Select Stage Changed Files To Commit (Ctrl-I) from Commit menu. Enter a commit comment like "deleted conflicting file" Commit (ctrl-enter) Now if you restart the merge it will (hopefully) work.
You should resolve the conflicts as you see fit. If the file really is supposed to be removed, and you will be publishing that change to origin, remove it again:
git rm path/to/file
If the file should in fact be tracked still, add it (the version in the work tree will be the version from origin):
git add path/to/file
After doing either of those to resolve the conflict, commit the merge.
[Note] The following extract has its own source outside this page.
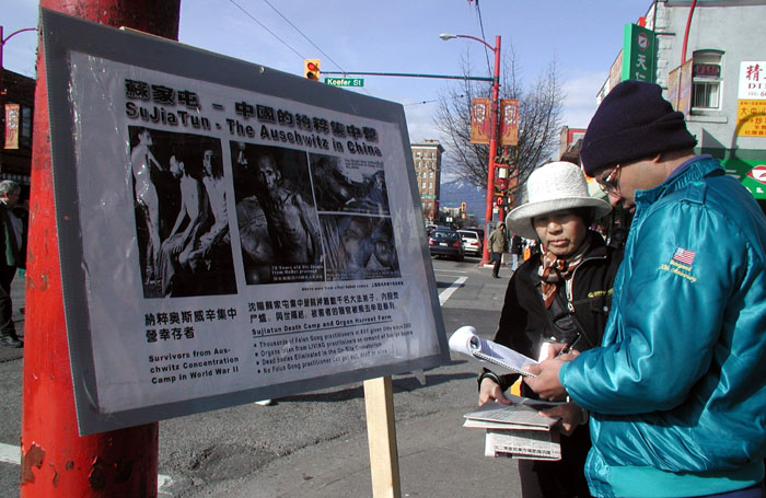 (Clearwisdom.net) From March 15 to 19, Vancouver practitioners held photo exhibits and a signature drive outside the Vancouver Art Museum, in Chinatown and at the Metrotown mall in Burnaby to call upon the public to pay close attention to the atrocities happening inside the Sujiatun Concentration Camp. They collected signatures for an appeal letter which calls on the Canadian government to condemn the abhorrent crimes of the Chinese Communist Party (CCP) and form a delegation to investigate the concentration camp. The letter will be delivered to Parliament.

As an added tip in addition to the accepted answer, in a "deleted by us", if you would like to see the changes that were made to the deleted file so that you may apply those changes elsewhere you can use:
git diff ...origin/master -- path/to/file
If it is a "deleted by them" scenario, and you would like to see the changes so you can apply them elsewhere, you can use:
git diff origin/master... -- path/to/file
In Git GUI, you select the conflicted file and then right-click on the main text area where the conflicted text is shown.
In the context menu that appears, you can choose to go with "Remote" or go with "Local". So if a file is remotely deleted, you can choose "Remote" to propagate the delete locally, and vice versa.
Took me a month to figure it out...it would be nice if Git GUI actually had documentation...
The best-rated answer focuses on the way to resolve the conflict.
Before that, you probably want to know what the remote changed in the locally removed files.
To do that, you can see the changes with:
git diff --base
From https://git-scm.com/docs/git-diff#Documentation/git-diff.txt--1--base
Compare the working tree with the "base" version [...]. The index contains these stages only for unmerged entries i.e. while resolving conflicts.